The way it’s supposed to work is that some medical marijuana caretakers have accidentally grown too much marijuana. They then provide their overages to provisioning centers for patients who don’t have caretakers — except these accidental overages aren’t accidental at all. This gray market was forced by the state legislature refusing to legitimize the market while the law enforcement arm wreaked havoc wherever there was an accommodating county prosecutor.
People who opened businesses with the sanction of their local community should not have ended up in court defending themselves.
This is the atmosphere that has dogged medical marijuana for a decade. It’s shameful. The state misses deadline after deadline while the MMLB digs incessantly into the minutiae of people’s lives in order to make sure they haven’t been doing the thing that they are getting licenses to do.
The Department of Licensing and Regulatory Affairs, which oversees the medical marijuana program, has been sending out letters to caretakers asking about overages and where they have dispensed them. LARA is also looking into where provisioning centers have been getting their stuff.
It may be about figuring out what the market is, but so far the state has not shown itself to be very friendly toward folks in the medical marijuana system. Some folks just aren’t going to answer those questions truthfully.
Rather than bring the black market inside a state regulatory system, state officials have sought to exclude those folks. That means that folks who are kept out are going to continue doing what they know how to do. With the possibility that recreational legalization will pass at the polls on Election Day, it doesn’t bode well for a smooth transition.
It’s impossible to say that the medical marijuana distribution system has gotten off to a rough start, because it still hasn’t started yet. A new set of provisioning center emergency rules was issued by LARA last week. It’s not just an extension of what has been — it sets up a number of different status categories for businesses. It’s broken up into folks who filed a prequalification on or before Feb. 15 and those who applied after. Then there are subcategories of those groups, including those who filed their secondary application by June 15 and those who have local authorization or not.
Those who applied by Feb. 15 and June 15 and have their local authorization can stay open.
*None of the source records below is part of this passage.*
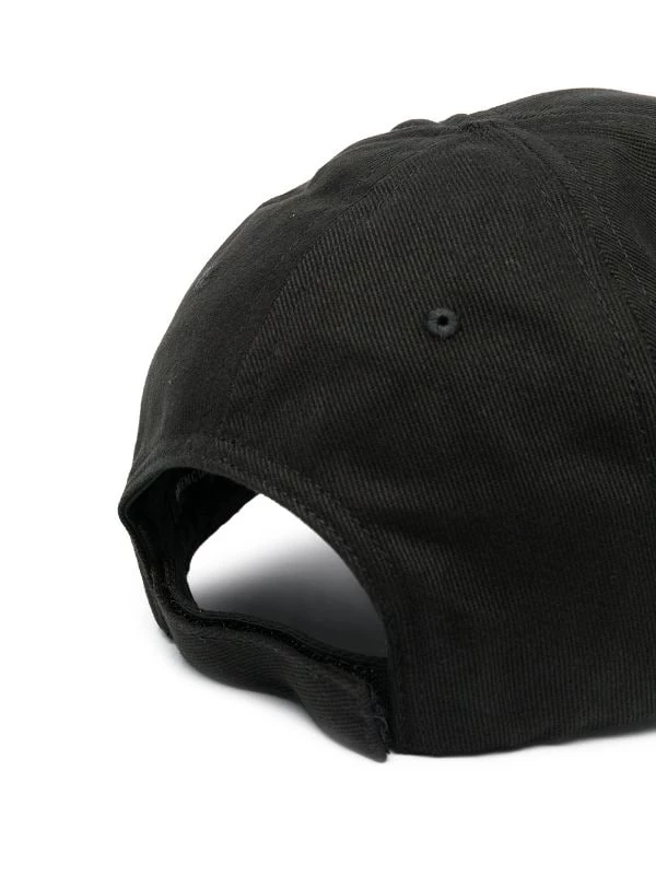 Logo brodé sur le devant, design à six empiècements, bord incurvé, fermeture scratch à l’arrière. Couleur : noir. Matière : coton.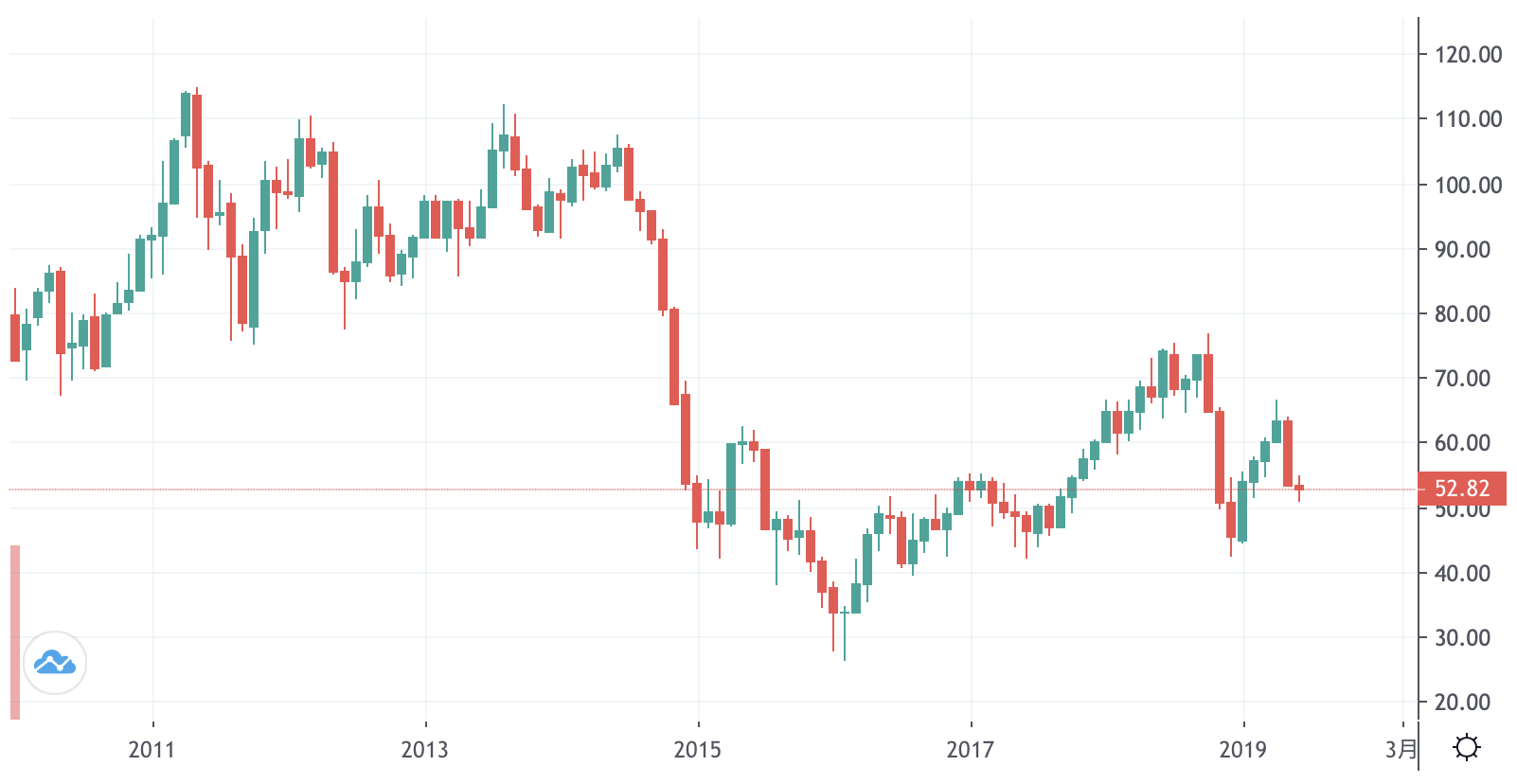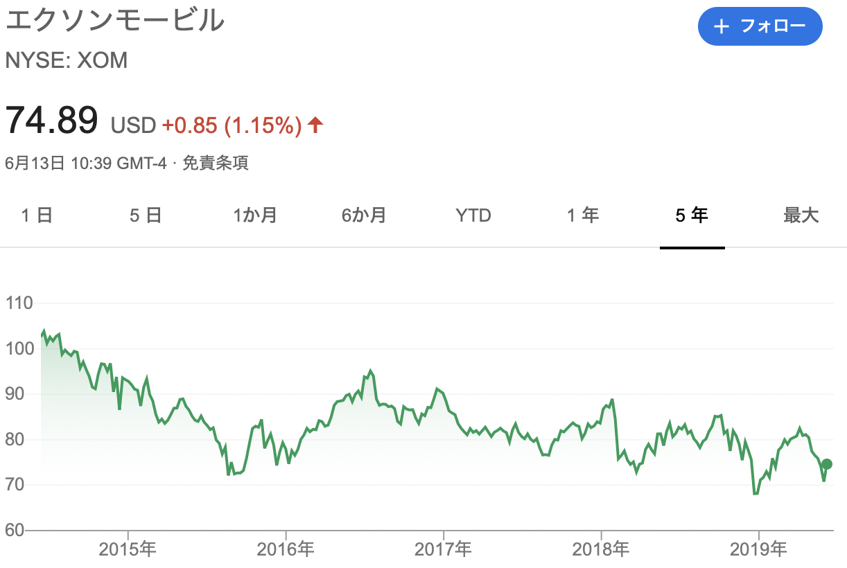 エクソン・モービルの株価チャートを見ると5年前から低迷が始まったのが分かりますが、基本的にオイルメジャーは原油価格と相関があるため、原油が上がらないことには株価上昇は見込めません。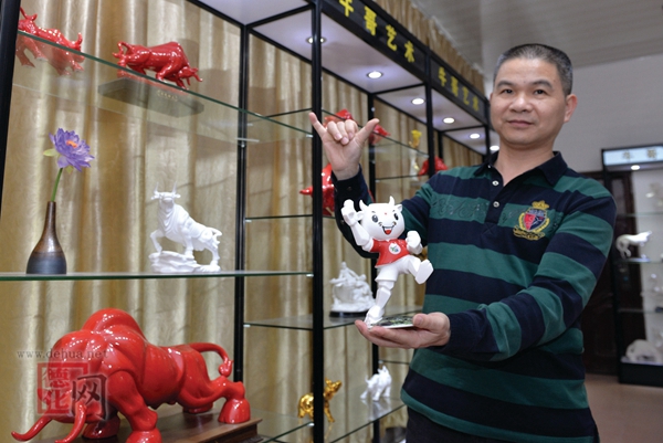 陶瓷雕塑艺术师郑建忠在赶制“牛瓷”雕塑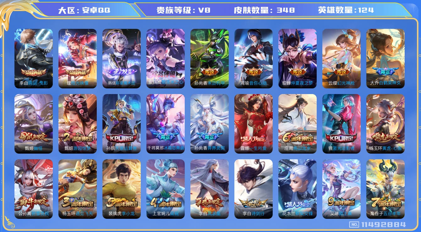 [11492884]V8 2典藏 1无双 1珍品传说 13传说 124英雄 348皮肤 可修改实名 优质装备:鸣剑·曳影,韩信群星魔术团(韩信无双),拾光映像(瑶典藏),酷洛米之心,末日机甲-孙尚香(绿蚂蚱),仲夏夜之梦(大飞蛾),音你心动-周瑜,涂山容容 传说皮:幻光神枪 珍宝阁皮:优雅恋人,蔷薇恋人,女武神 限定皮:愿照·福禄聚(蔡文姬年限),愿照·岁时盈(虞姬年限),陌上桑,鸣野蒿,凤求凰(白切鸡),异界灵契(白毛香),星穹之声,白鹤梁神女,遇见飞天,高山流水,诗剑行,五谷丰年,幽恒(沐浴露),天狼运算者,游园惊梦,梁祝,祈雪灵祝(雪兔子),李小龙,逐梦之影,如梦令-嫦娥,默契交锋-花木兰,一生所爱,冰霜恋舞曲,匿光追影者,寅虎·心曲(虎婆) 史诗皮:化蝶舞,灵蛊蚀心,星界战将,龙之律动,茶境仙,蒙犽顽岩魄,百相守梦-黄忠,织梦人,遇见神鹿,紫霞仙子,苍穹之光,电玩小子(小书包),黄金分割率,特工魅影,千年之狐,蒙恬荣光圣徽,冰冠公主,偶像歌手,白蛇,晚萤,电玩·爆裂旋风,暗夜猫娘,龙骑士(小龙虾),末日机甲-吕布,猫狗日记-孙策,猫狗日记-大乔,乱世虎臣,节奏热浪,修罗,女仆咖啡,摇滚巨星,水果甜心,绅士熊喵,天才门将,星夜王子,心灵骇客,时之奇旅-安琪拉,功夫厨神,德古拉伯爵,暗隐猎兽者,幽灵船长,鬼剑武藏,心灵战警,舞动绿茵,地狱岩魂,诗语江南,繁星吟游(呼啦呼啦),拒霜思,缤纷独角兽,乘风破浪,逐浪之夏,水晶猎龙者,曙光守护者,箭羽风息,金属风暴,原初追逐者,圣诞狂欢,圣诞恋歌,鹰眼统帅,暗夜贵公子,黎明之约,未来纪元-赵云

You may have noticed some changes at a provisioning center near you. Anybody who does not have all that must close down as of Sept. 15, last Saturday. Those facilities that are still standing will know if they have a license on Dec. 1. Those who don’t have a license on Dec. 1 must close by Dec. 15.
Those who receive licenses on Dec. 1 must pay their licensing fees, and they have 30 days to come into full compliance with the regulations of the system. That includes getting products that have been lab-tested and from a licensed grower.
Facilities that have already received licenses can stay in operation, but have to return licenses to the state and wait for the Dec. 1 reset. It’s not clear when a next round of licenses will be granted.